In [None]:
# this is some code to get pretty highlighted cells for the questions - ignore this
from IPython.display import HTML
style1 = "<style>div.warn { background-color: #fcf2f2;border-color: #dFb5b4; border-left: 5px solid #dfb5b4; padding: 0.5em;}</style>"
HTML(style1)

This notebook covers some worked examples and some examples for you to try relating to **Block A, Chapter 1** in the notes (Introduction to Probability).  This is practice and core material for coursework 1. The green questions are those most closely related to the assessed work for this module. *After completing this notebook, you can attempt QNs 1 and 4 on coursework 1.*

## Revision of concepts:

The axioms of probability are:

Axiom 1 : $0 \le P(A) \le 1$

Axiom 2 : $P(\Omega) = 1$

Axiom 3 : $P(A_1 \cup A_2 \cup A_3 ...) = P(A_1)+P(A_2)+(P(A_3)+...$

Moving from conditional probabilities to Bayes Theorem which states that:

$ P (A|B) = \dfrac{P(A \cap B) }{P(B)} \rightarrow \dfrac{P(B|A)P(A)}{P(B|A)P(A)+P(B|A^c)P(A^c)}$ 

Bayes Rule is normally used to determine the probability of a specific model, $\theta$, given some data D, such that

$P(\theta|D) = \dfrac{P(D|\theta) P(\theta)}{P(D)}$ where

where $P(D|\theta)$ is the *likelihood*, $P(\theta)$ is the *prior*, and $P(D)$ is the *evidence*. $P(\theta|D)$ is the *posterior*. 

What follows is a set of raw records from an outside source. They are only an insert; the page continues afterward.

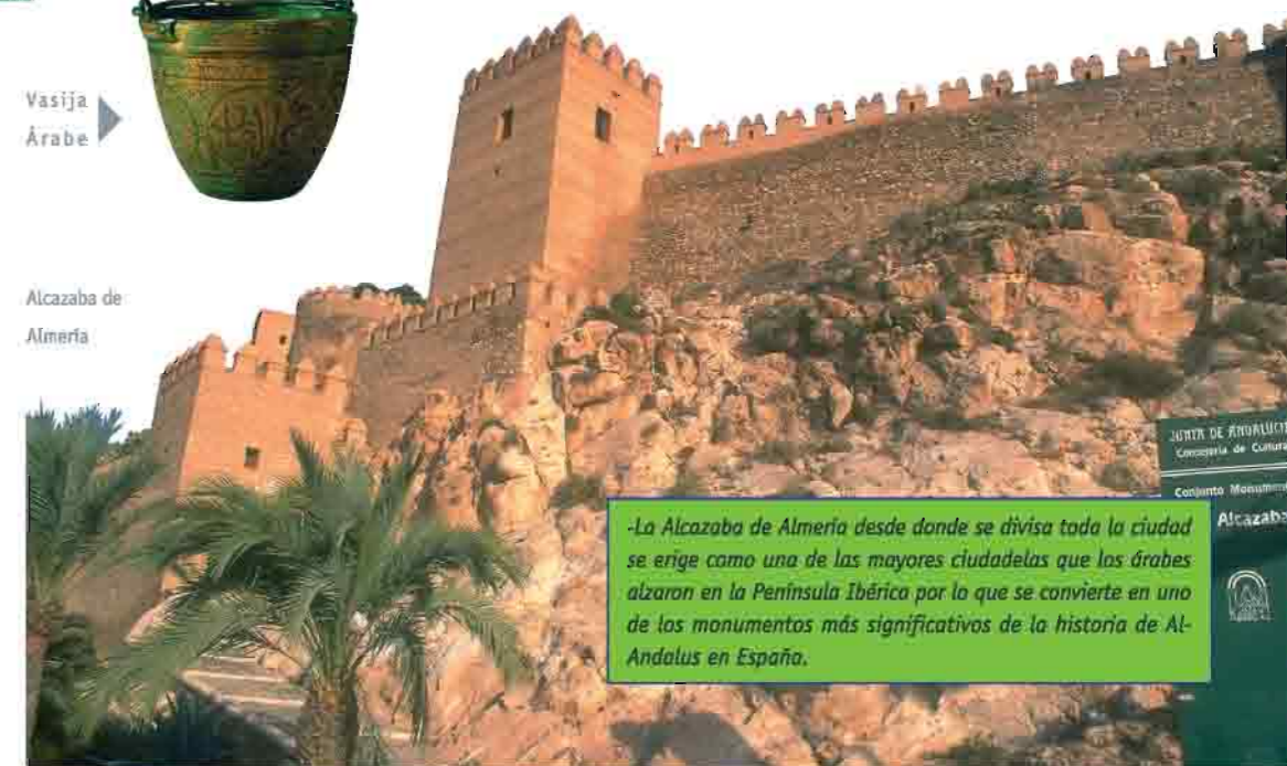
Alcazaba de Almería

-La Alcazaba de Almería desde donde se divisa toda la ciudad se erige como una de las mayores ciudadelas que los árabes alzaron en la Península Ibérica por lo que se convierte en uno de los monumentos más significativos de la historia de Andalucía en España.
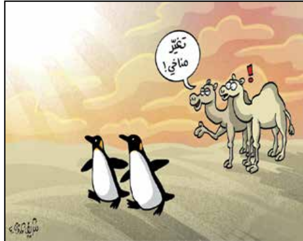
من عجائب التغيير المناخي (شريف عرفة، الاتحاد الاماراتية)
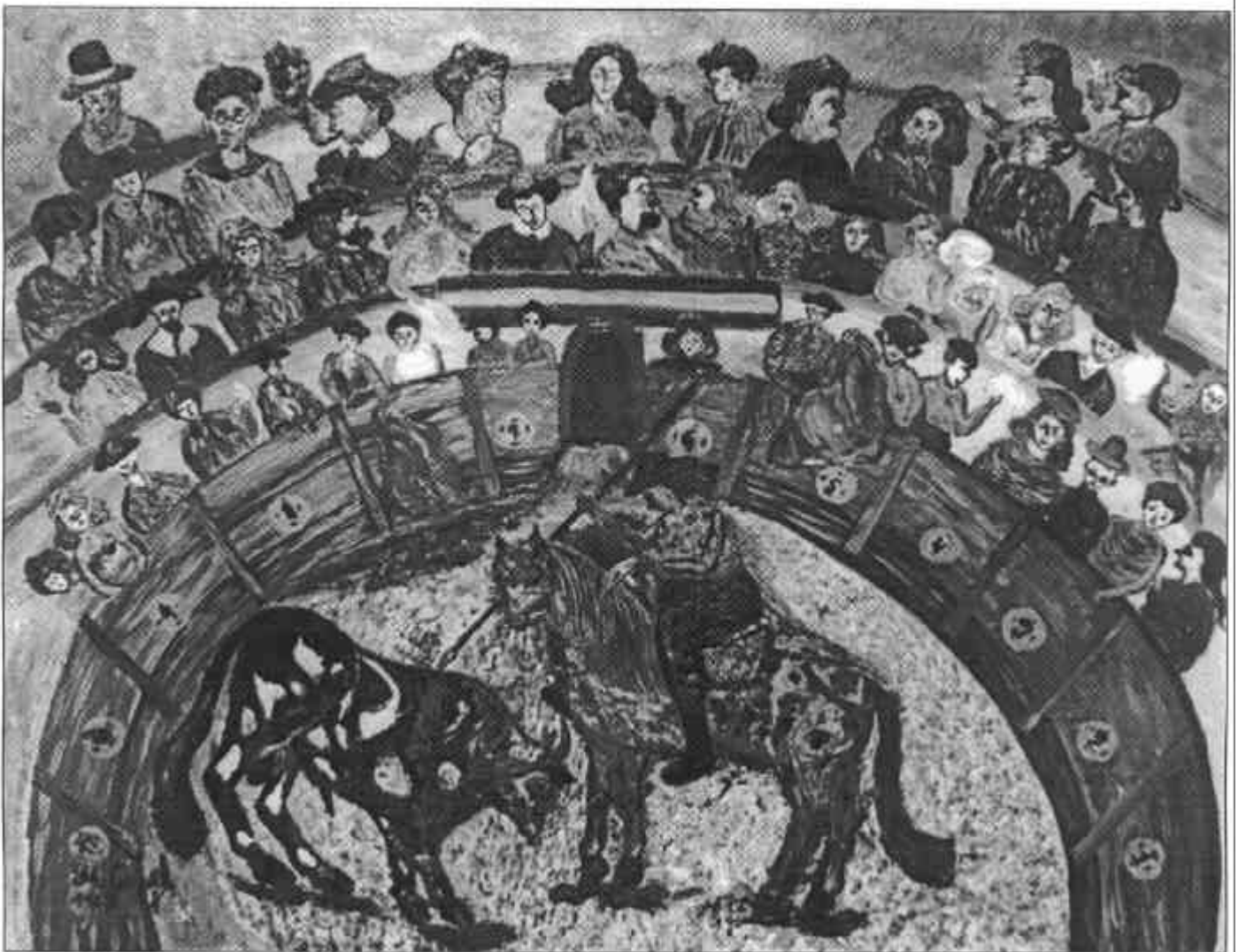
Corrida de toros
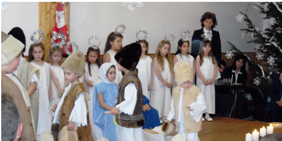
A Meserét Óvoda Szent Lajos úti óvodásainak műsora

A szolgálatok által meghirdetett „Cipősdoboz” akcióra 2014. évben is szép számban érkeztek az ajándékokkal és szeretettel megtöltött dobozok a város lakosságától.
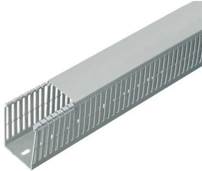
IMMAGINE RAPPRESENTATIVA REPRESENTATIVE IMAGE

Goulottes > Systèmes de tableaux de distribution > Systèmes de câblage > Goulottes sans halogène > Goulotte de câblage > Gris clair - type s - lamelles étroites 4/6/4

People feel uncomfortable about ‘priors’, since often they are a ‘best guess’

Indeed, different analysts may have differing opinions about what the prior for a given experiment should be.  Although ‘frequentists’ disagree with the use of priors, note that technically they do assume one: they assume that all is equally likely (i.e. a ‘flat’ prior).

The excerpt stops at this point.